TASK DIRECTIONS.
After locating the line that contains "Chủ tịch nước", transcribe exactly that line and each one after it until the data ends, skipping pictures.
BEGIN INFORMATION PROVIDED
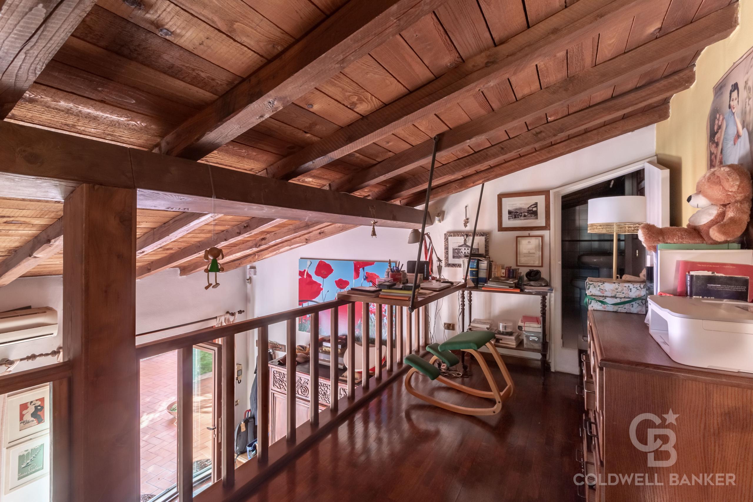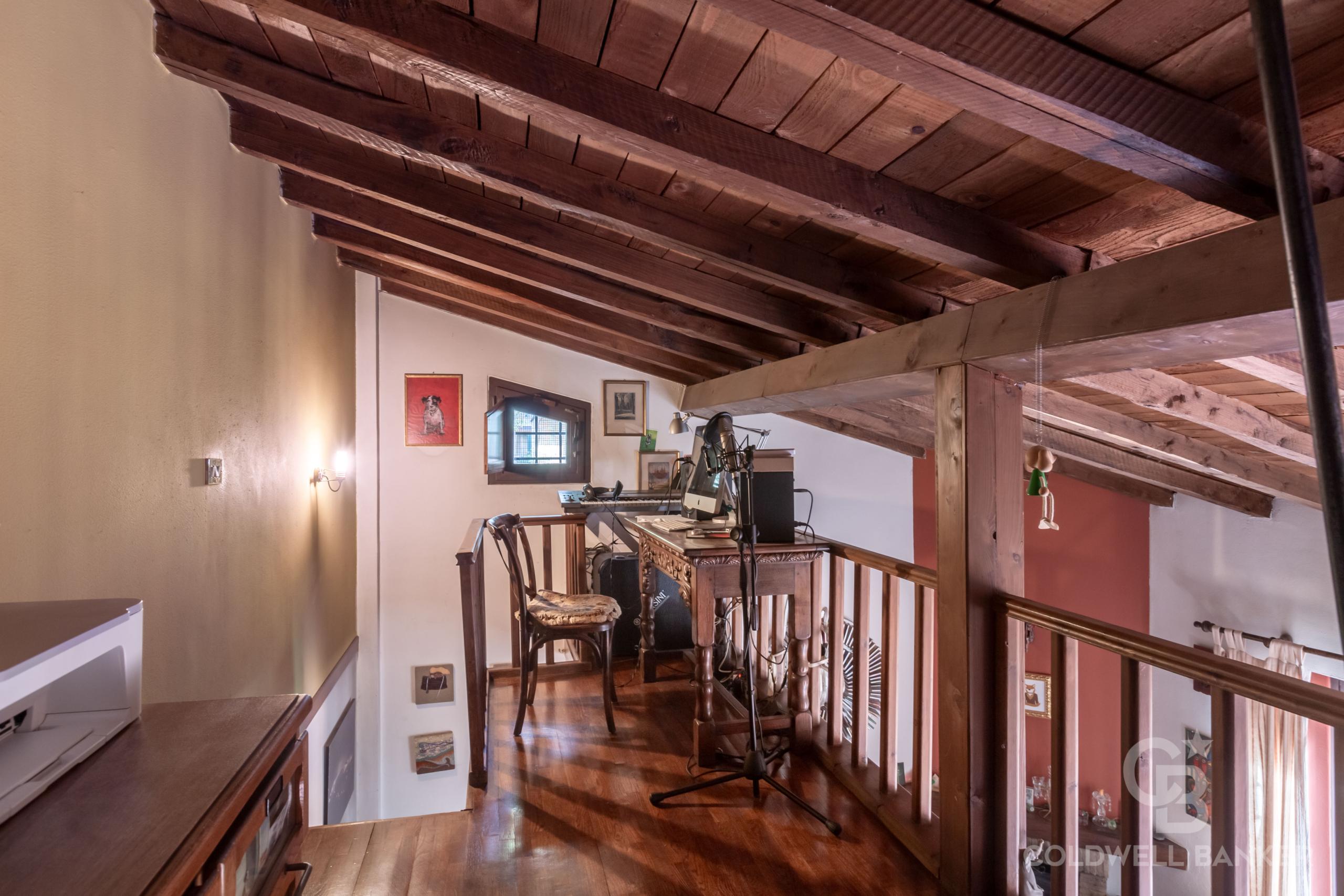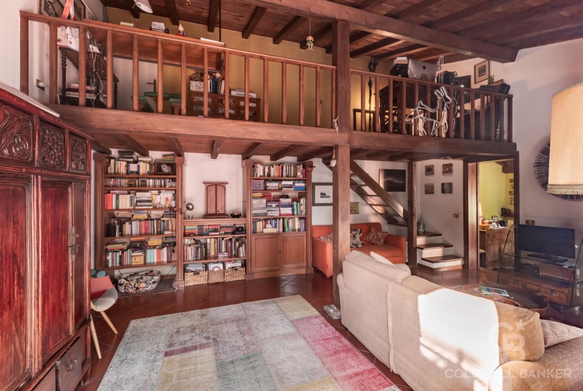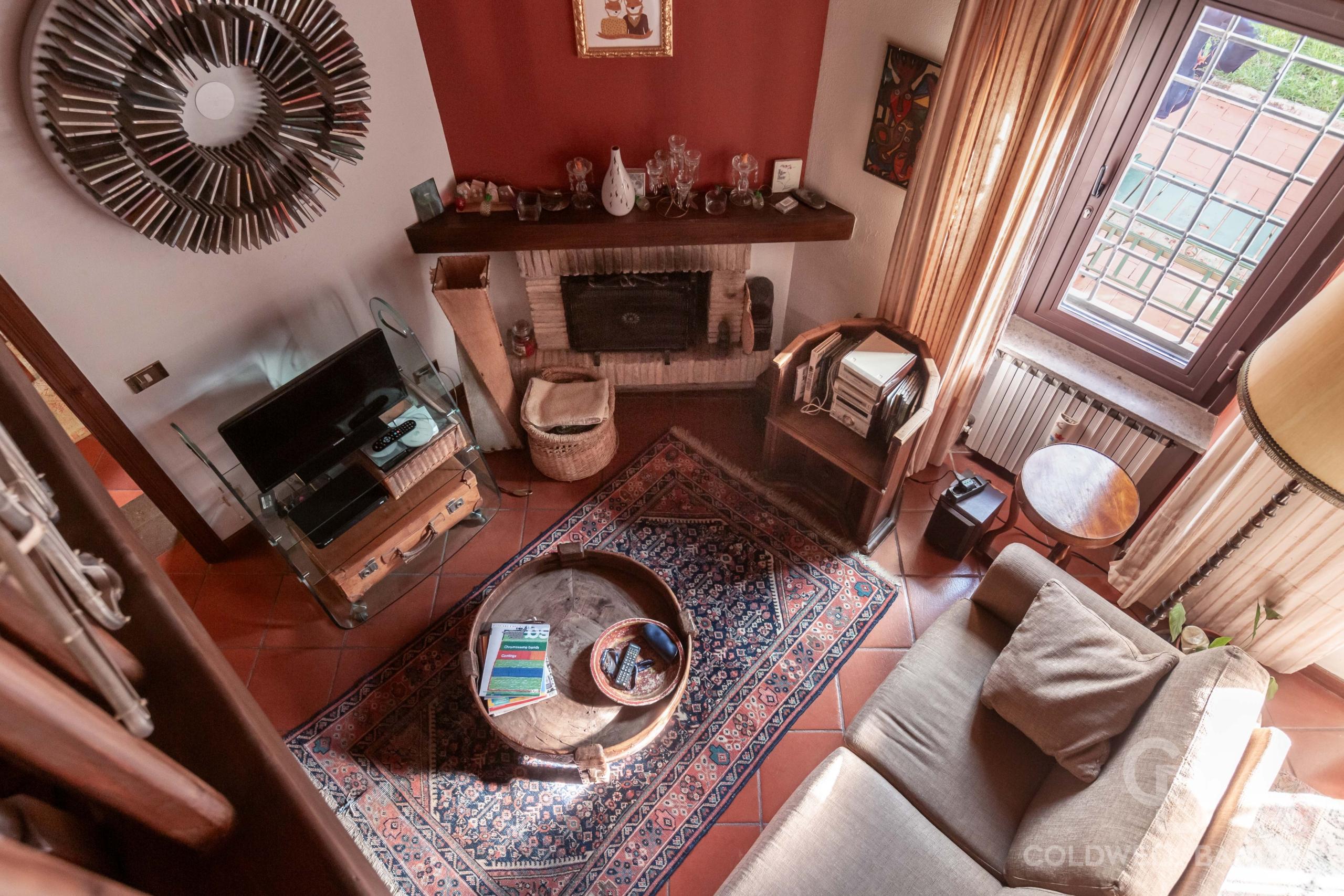 All’Appartamento si accede attraverso un vialetto condominiale, molto ben curato. L’immobile si sviluppa su due livelli: al piano terra si trova un accogliente salone con camino funzionante, ampia cucina abitabile, camera da letto matrimoniale e bagno con vasca; al piano soppalcato (pienamente condonato) si accede attraverso la scala interna e si trova una confortevole zona studio ed un secondo bagno.
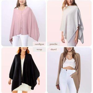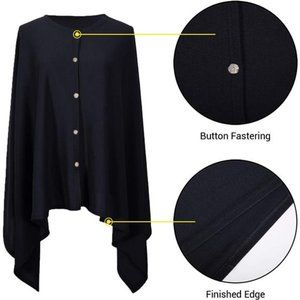 *【UNIQUE DESIGN】:These versatile shawl wraps for women are designed with a 6 button front fastening and an asymmetric hem. This is a poncho sweater women will wear again and again as a wrap, poncho or nursing shawl.
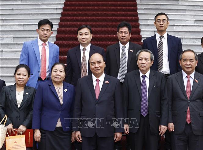 Chủ tịch nước Nguyễn Xuân Phúc và đồng chí Sisay Leudetmounsone chụp ảnh chung với các đại biểu. Ảnh: Thống Nhất/TTXVN
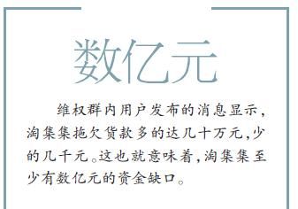 今年9月,淘大收藏的供应商集体要求付款。10月,北京商报记者今天在社交平台上发现了一些维权人士团体,每个团体都有数百人。根据该团体用户发布的消息,淘大收藏欠下几十万元,少欠几千元。这也意味着冀涛冀至少有几亿元的资金缺口。事实上,张正平公开承认,2019年7月,由于一些内外因素,业绩增长受到很大影响,销量停滞不前。9月,由于获得融资确认的延误,冀涛的现金流开始下降,危机已经到来。
END INFORMATION PROVIDED
ANSWER TO THIS TASK.
 Chủ tịch nước Nguyễn Xuân Phúc và đồng chí Sisay Leudetmounsone chụp ảnh chung với các đại biểu. Ảnh: Thống Nhất/TTXVN
 今年9月,淘大收藏的供应商集体要求付款。10月,北京商报记者今天在社交平台上发现了一些维权人士团体,每个团体都有数百人。根据该团体用户发布的消息,淘大收藏欠下几十万元,少欠几千元。这也意味着冀涛冀至少有几亿元的资金缺口。事实上,张正平公开承认,2019年7月,由于一些内外因素,业绩增长受到很大影响,销量停滞不前。9月,由于获得融资确认的延误,冀涛的现金流开始下降,危机已经到来。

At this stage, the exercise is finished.